Model-Based Reinforcement Learning for Atari
Lukasz Kaiser
and
Mohammad Babaeizadeh
and
Piotr Milos
and
Blazej Osinski
and
Roy H Campbell
and
Konrad Czechowski
and
Dumitru Erhan
and
Chelsea Finn
and
Piotr Kozakowski
and
Sergey Levine
and
Ryan Sepassi
and
George Tucker
and
Henryk Michalewski
arXiv e-Print archive - 2019 via Local arXiv
Keywords:
cs.LG, stat.ML
First published: 2019/03/01 (5 years ago) Abstract: Model-free reinforcement learning (RL) can be used to learn effective
policies for complex tasks, such as Atari games, even from image observations.
However, this typically requires very large amounts of interaction --
substantially more, in fact, than a human would need to learn the same games.

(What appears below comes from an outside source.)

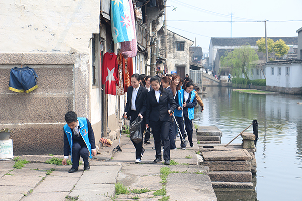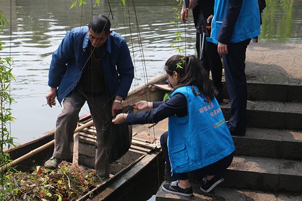 仪式后我院党员干部赴安昌镇国际村开展敬水、护水、爱水宣讲,实地考察河道水质。100名大学生志愿者组成“河小二”青年志愿者突击队,兵分两路赴安昌古镇景区和大山西村开展“剿灭劣Ⅴ类水”志愿服务专项行动。活动中,安昌古镇小分队的志愿者们巡河护河,走上船只打捞河污,随手拍、随手捡、随手护,呼吁景区游客从日常小事做起,保护水环境,节约水资源,做“治水剿劣”的宣传者、实践者、参与者。大山西村小分队的志愿者们手握铁钳捡拾生活垃圾,挨家挨户发放治水宣传画册,向沿河的居民宣传环保知识,积极倡导“五水共治”,共同剿灭劣Ⅴ类水。

How can people learn so quickly? Part of the answer may be that people can
learn how the game works and predict which actions will lead to desirable
outcomes. In this paper, we explore how video prediction models can similarly
enable agents to solve Atari games with orders of magnitude fewer interactions
than model-free methods. We describe Simulated Policy Learning (SimPLe), a
complete model-based deep RL algorithm based on video prediction models and
present a comparison of several model architectures, including a novel
architecture that yields the best results in our setting. Our experiments
evaluate SimPLe on a range of Atari games and achieve competitive results with
only 100K interactions between the agent and the environment (400K frames),
which corresponds to about two hours of real-time play.